350 Türkiye’nin Wire haber sitesine dayandırdığı haberine göre Hindistan’ın Hazaribagh şehrinde halk, NTPC (önceki ismi ile Ulusal Termal Enerji Şirketi Ltd)’nin kömür madenleri için toprak satın almasını protesto ediyordu:
Proje için toprak alımı 2004 yılında başladı, fakat Asya’nın en büyük kömür blokları olduğu iddia edilen söz konusu madenlerde oldukça yavaş bir süreç işledi. Tarımsal olarak oldukça zengin olan ve senede 3 defa mahsul hasadı yaparak köylülere istihdam sağlayan bölgenin yerlileri ve çiftçileri topraklarının alınmasına karşı çıktı.

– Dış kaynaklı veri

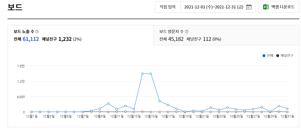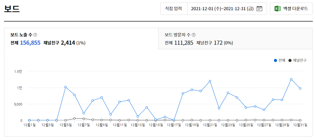 그렇다면 각 채널의 12월 보드 노출수와 보드 방문자 수를 한번 알아보겠습니다.
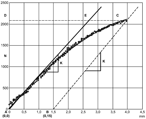 Приложенная нагрузка F, переданная толкателем (принятая равной силе параллельного компонента и указанная на датчике нагрузки), необходимая для создания стойкой деформации, равной поправке на смещение, найденная путем построения графика линии ВС при жесткости K, берущей начало в точке В (см. точку D на рисунке 2).

NTPC, önerilen 17.000 hektar içinden Orman Bakanlığı’ndan 2.500 hektar toprak almayı ancak bu sene başardı. 2006 Yılında çıkarılan Orman Hakları Kanunu, orman topraklarına sahip olabilmek için bölgenin yerlilerinin %70’inin onayının alınması gerekliliğini getiriyor.31 Mayıs 2016’da köylüler ölü yakılan odun yığınları üzerinde oturarak kendi onayları olmadan toprak alımı yapılmasını protesto etmeye başladı. Devlet görevlileri araya girerek, durumun çözüleceği sözünü verdi ve protestonun sona erdirilmesini istedi. 15 Eylül’de köylüler, NTPC’nin kanuni olarak toprak alımı için gereken onayı alıp almadığının araştırılması talebiyle yeni bir protestoya başladı.
Beş polis taburu ile Hızlı Eylem Gücü 1 Ekim sabahı, binden fazla köylünün uyuduğu eylem alanına girdi ve NTPC’nin ağır iş makinelerinin yolunu açmak için eylemcilerin alanı boşaltmasını istedi. Polisin kadınlara saldırdığı haberinin yayılması üzerine çevre köylerden de halk yardıma gitti. Eylemcileri biber gazı ile dağıtamayan polis halkın üzerine ateş açtı. Üç eylemci olay yerinde, üçü ise hastanede hayatını kaybetti, 40 kişi ise yaralandı.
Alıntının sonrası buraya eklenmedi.